Introduction

Cocoa has been used for millennia, and documented as far back as approximately 5500 years ago from a site in Southern Ecuador called Santa Ana-La Florida (1,2). Most our knowledge of pre-Columbian chocolate was from the Mayans and Aztecs who consumed it as a drink (3).

There have been many curative and benefits of consuming chocolate and cocoa products for generations, but only recently do we have some of these positive effects scientifically validated. Improving analytical technology and protocols have allowed for this. Many of the clinical studies in recent years have pointed to the presence of antioxidant compounds in cacao/chocolate as the source of these benefits (4).

The most represented antioxidant compounds present in cocoa are catechins, anthocyanins, and proanthocyanins, with (-)-epicatechin being the most abundant flavanol. They have been associated with reducing blood pressure and glycemia during pregnancy (6), improving cognitive function, reducing blood pressure in the elderly with mild cognitive impairment (7), disease modifying properties in patients affected by Alzheimer’s disease (8), health effects against oxidative stress, chronic inflammation, risk factors for cancer, and other chronic diseases (9).

In 2012, the European Food Safety Authority issued a health claim stating the consumption of 200 mg/day of cocoa flavanols (found in 2.5 g of high-flavanol cocoa powder or 10 g of high-flavanol dark chocolate), consumed in the context of a balanced diet, helps to maintain endothelium-dependent vasodilatation (contributing to normal blood flow) (10).

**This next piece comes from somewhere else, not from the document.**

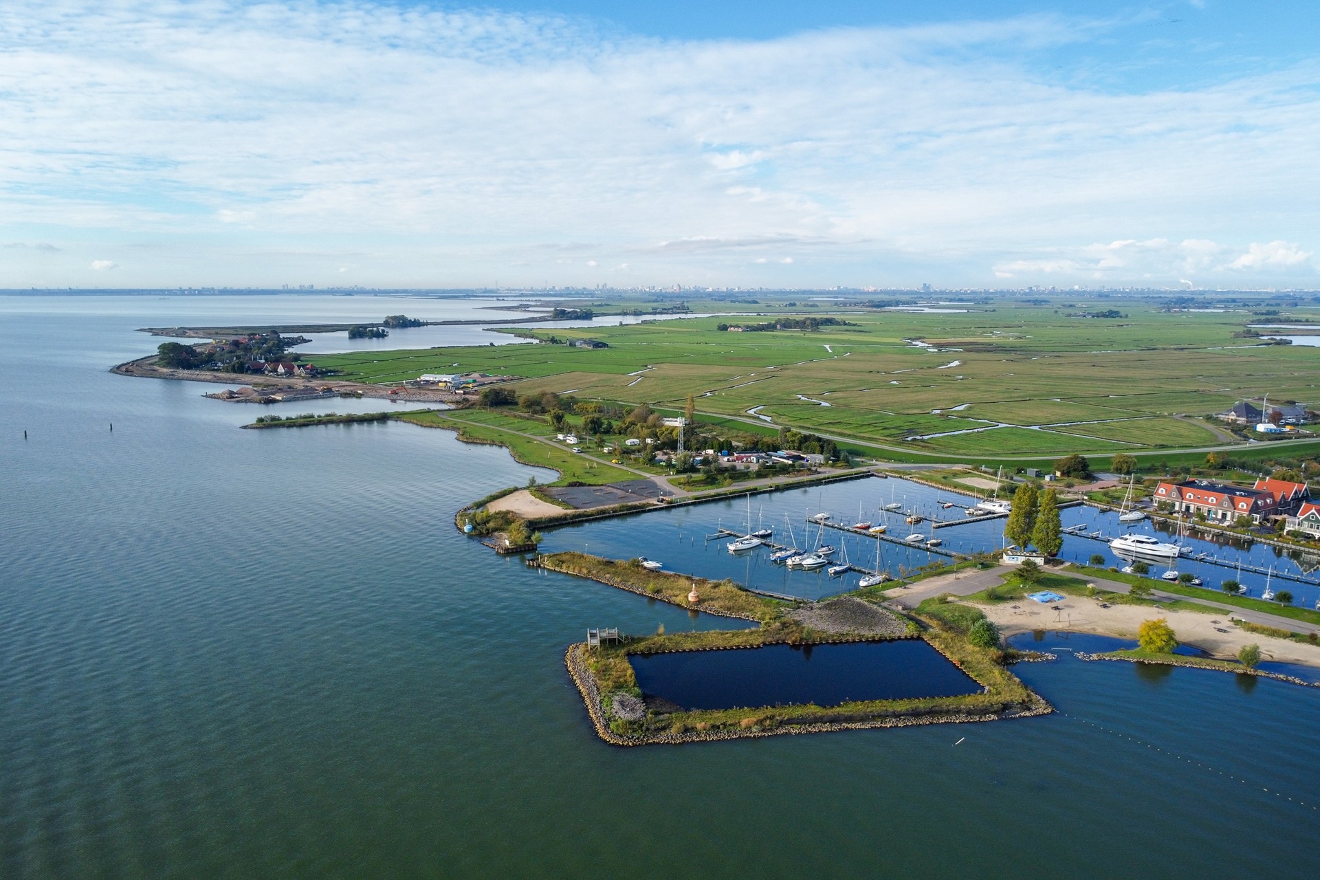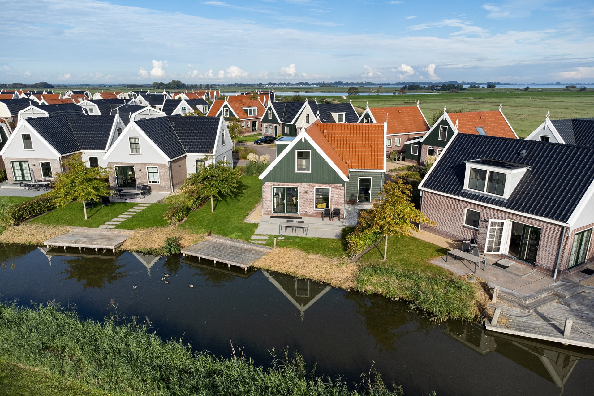 Gelegen in het groen, vrij uitzicht op het Markermeer, op goed uitgerust vakantiepark

Cocoa contains very high levels of polyphenols, more so than other crops, foods, and beverages. Even tea and red wine have lower levels of polyphenols (11, 12). However the levels of polyphenols in cocoa can fluctuate a great deal depending on factors such as their genetics, growing conditions, pod storage, fermentation (13), drying (14), alkalization, roasting, and conching (the last three being the most detrimental to cocoa polyphenol levels (15-20)). Alkalization is used mostly in cocoa powder production, and conching can be avoided, but roasting is normally always performed. Both roasting and fermentation are stops which contribute a great deal to the overall bouquet of aromas in cacao and chocolate, but are also detrimental to cocoa polyphenols and account for over 50% loss of their loss (21).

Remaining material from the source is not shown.